How three raw cameras and a transcript became a finished, speaker-following, subtitled episode — with no one touching a timeline.
Two men named Tony Zhang sat down in a study full of books and talked, in Mandarin, for forty-four minutes. Three cameras rolled. The goal of post-production was simple to state and fiddly to do: turn the raw footage into an episode that cuts to whoever is speaking, reads cleanly with Chinese subtitles, and sounds like a proper podcast — without a human editor scrubbing a timeline shot by shot.
Everything below was done programmatically: the angles were identified, the cameras were synchronized to each other, the cut was generated from a speaker-diarized transcript, the subtitles were written and timed, and the whole thing was rendered. This page is the record of what was built, how, and why each decision was made.

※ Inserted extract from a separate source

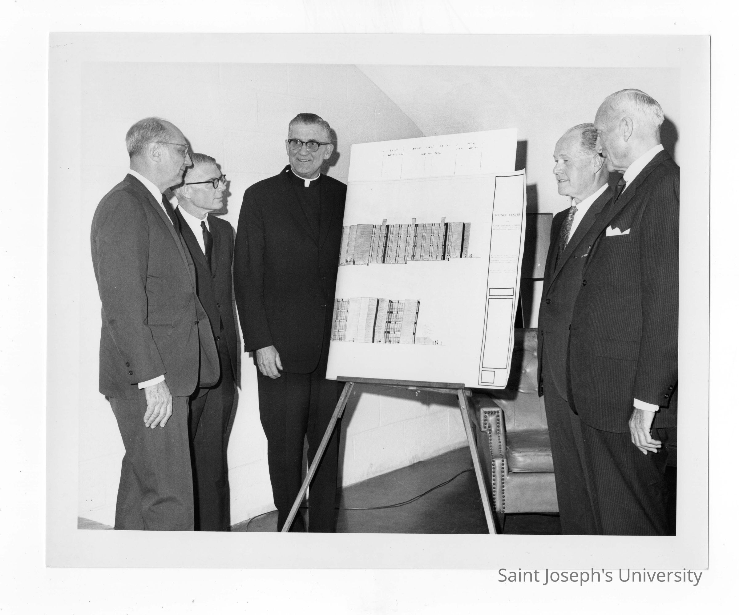 William F. Maloney, S.J. and others discussing plans for new science center.

Six files arrived. Their names told the first part of the story: four MVI_* clips from a Canon (which splits a long recording into 4 GB chunks and auto-stops at its 29:59 limit), one IMG_* clip from an iPhone, and one earlier export of a third angle. Probing each for resolution, frame rate, codec, and audio confirmed a clean three-camera shoot — and a single frame from each revealed who each camera was pointed at.



That gave the editing grammar for the entire episode: a wide establishing two-shot, a tight guest angle, and a tight host angle.
Three cameras started and stopped at different moments, and camera clocks drift — so their internal timestamps can't be trusted to line them up. The fix is to listen instead of look: every camera recorded the same room audio, so the soundtracks can be cross-correlated to find the exact offset between them.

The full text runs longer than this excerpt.